I need some help. I want to stop this baseless anxiety I have over every little thing my boyfriend does. First of all, he's great, and has given me no reason to believe that he wants to leave or doesn't love me. But he is a very busy and ambitious person, so we only see each other once or twice a week. That is difficult enough in itself, but it constantly worries me that I am missing him more than he is missing me. I think this way because he doesn't call me unless I ask him to call me back. He doesn't text me back very often either. I know that sounds stupid but I always think in my mind that if he truly cared he would WANT to get in touch with me as much as possible and on his own terms (not because I told him to or he was simply replying). When he talks about texting his friends back and forth, I get jealous because he doesn't do that with me. 

I've also lately worried for his safety. When I don't hear from him for an entire day, I worry that something happened to him. Trying to contact him with no avail doesn't help anything either. To make matters worse, he is flying to Germany next month for three weeks. I don't know how I'll deal with 3 weeks when I get anxious after 2 days! I am terrified that his plane will crash and I'll never know, or that he won't contact me when he gets there and I'll assume the worst has happened. He tries to reassure me that nothing is going to happen but that makes me more worried because I just picture a movie or something where the guy says "nothing will happen to me" and the next thing you know he's crashing into the ocean. 

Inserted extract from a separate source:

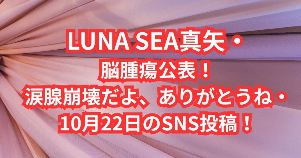 LUNA SEA真矢・脳腫瘍公表!涙腺崩壊だよ、ありがとうね・10月22日のSNS投稿!

After spending time together I always feel great about the relationship, but a couple days later I start to worry about all these things in this endless cycle. In other relationships I was never the clingy one, but in this one I seem to be. I think it's just because I finally found someone that I can picture myself with. I don't want my worrying to push him away, though. I have discussed my worries with him numerous times - we both know it's just me being a worrier, but I don't know how to stop. What can I do? Sorry for writing a book.


----------



## rossifranklin (Mar 12, 2008)

You could ask him to call or text you more often.


----------



## KILL__JOY (Jul 30, 2008)

Hmm well I would be pissed if he didnt call or text me back and he talks about texting his friends so much. I wouldnt be able to handle a relationship like that, he should want to call and text you ALL the time even more so since you dont see each other that often. This is obviously causing you alot of stress so I think you should really talk to him about this, I know you said you have but I think you REALLY need to tell him how you feel.
Much love.


----------



## Shauna The Dead (Jun 16, 2005)

You sound alot like me in this way... except that I do have more of a reason to worry because this makes the 3rd time I've dated this guy... and he was always the one to dump me  Hopefully this time will be different...if not I guess I should just give up.


----------



## courtney122 (Nov 19, 2011)

*Know how you feel..*

It sounds like I was the one who wrote this, thats how similar our situations are. It's like you not only want to text him just to talk (because you only see him once a week) but you also want to make sure he's okay.. cause, who knows what can happen! 
My advice to you is this:
Try to find something or someone (a friend) to help fill your time, do something fun to take your mind off of it. If you do this, the time will fly by. The more he doesn't hear from you, the more he'll start thinking: what's she up to? is she okay? And he'll contact you because he WANTS to.
It'll be hard, trust me. But, it'll help you.


----------



## MaxSchreck (Nov 1, 2010)

just ask him about it, if he's cool he will tell you why he's not into texting that much or that it might not even occur to him that much. Having a partner doesn't mean they have to want to text all the time and stuff, it varies from person to person. 
Also tell him to write an email at least twice per week when he's in Germany, just to be sure he's alright, it's important to you


----------



## Glacial (Jun 16, 2010)

"Baseless anxiety" is essentially what SA is, to me at least. So I think we all stuggle with that here.


----------